→ **GIVEN ENTRIES**:
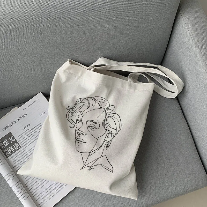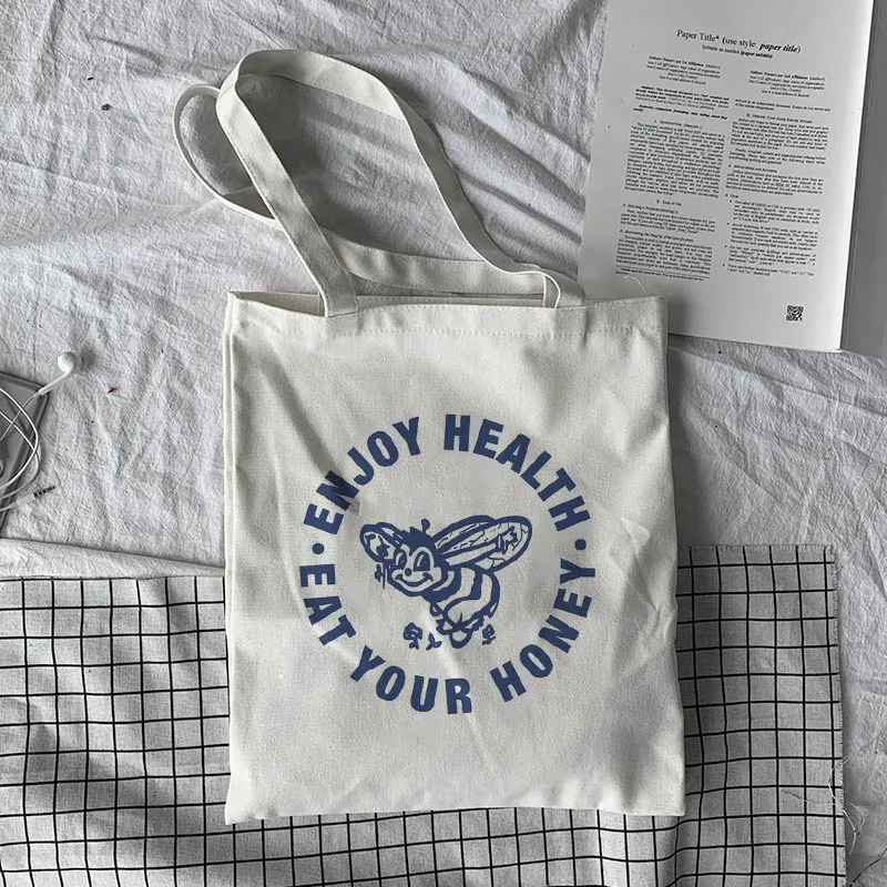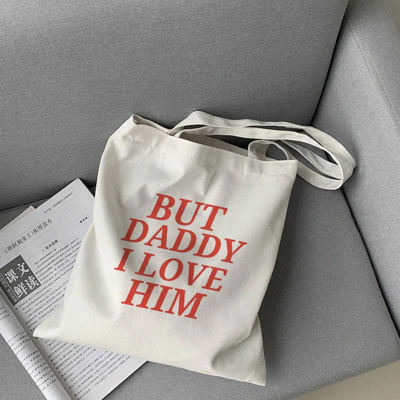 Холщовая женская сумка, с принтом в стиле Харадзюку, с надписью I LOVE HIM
---
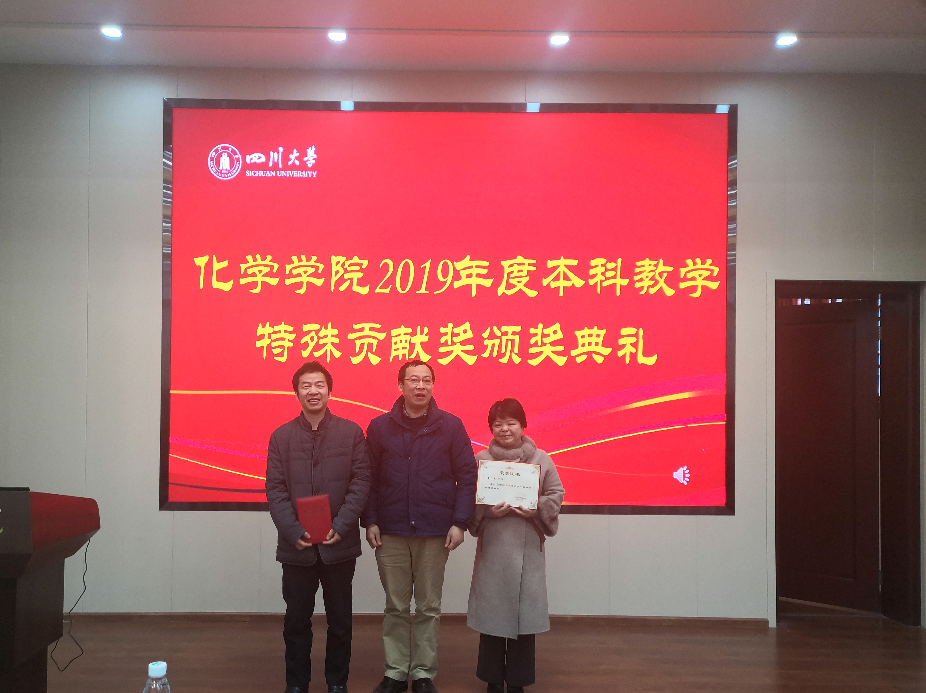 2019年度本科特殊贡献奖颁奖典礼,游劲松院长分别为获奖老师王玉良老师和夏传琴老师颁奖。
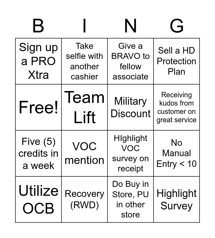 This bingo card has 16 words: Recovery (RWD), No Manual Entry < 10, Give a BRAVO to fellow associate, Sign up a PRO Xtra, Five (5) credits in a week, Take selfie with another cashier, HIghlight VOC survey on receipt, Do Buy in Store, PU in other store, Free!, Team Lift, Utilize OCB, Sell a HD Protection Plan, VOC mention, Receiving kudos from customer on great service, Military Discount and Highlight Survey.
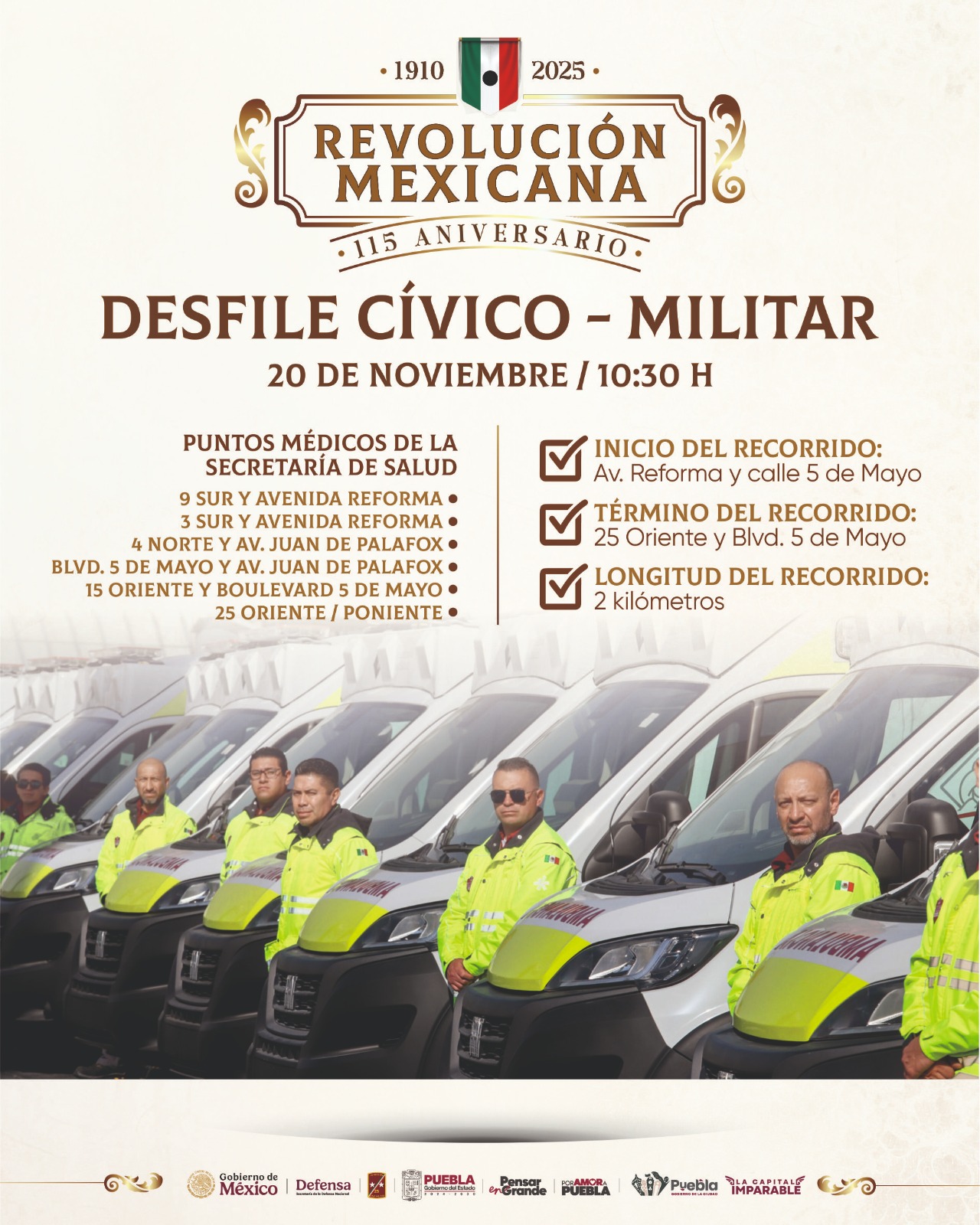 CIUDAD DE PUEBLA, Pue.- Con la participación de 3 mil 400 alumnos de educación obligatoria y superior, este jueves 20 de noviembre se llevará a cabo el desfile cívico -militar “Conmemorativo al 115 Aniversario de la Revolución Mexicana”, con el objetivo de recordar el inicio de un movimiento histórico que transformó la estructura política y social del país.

→ **PROBLEM**:
Could you output exactly the lines above, from the line with "2019年度本科特殊贡献奖颁" up to and including the line with "CIUDAD DE PUEBLA, Pue.- Con", and nothing else, skipping the pictures?

→ **ANSWER BELOW**:
 2019年度本科特殊贡献奖颁奖典礼,游劲松院长分别为获奖老师王玉良老师和夏传琴老师颁奖。
 This bingo card has 16 words: Recovery (RWD), No Manual Entry < 10, Give a BRAVO to fellow associate, Sign up a PRO Xtra, Five (5) credits in a week, Take selfie with another cashier, HIghlight VOC survey on receipt, Do Buy in Store, PU in other store, Free!, Team Lift, Utilize OCB, Sell a HD Protection Plan, VOC mention, Receiving kudos from customer on great service, Military Discount and Highlight Survey.
 CIUDAD DE PUEBLA, Pue.- Con la participación de 3 mil 400 alumnos de educación obligatoria y superior, este jueves 20 de noviembre se llevará a cabo el desfile cívico -militar “Conmemorativo al 115 Aniversario de la Revolución Mexicana”, con el objetivo de recordar el inicio de un movimiento histórico que transformó la estructura política y social del país.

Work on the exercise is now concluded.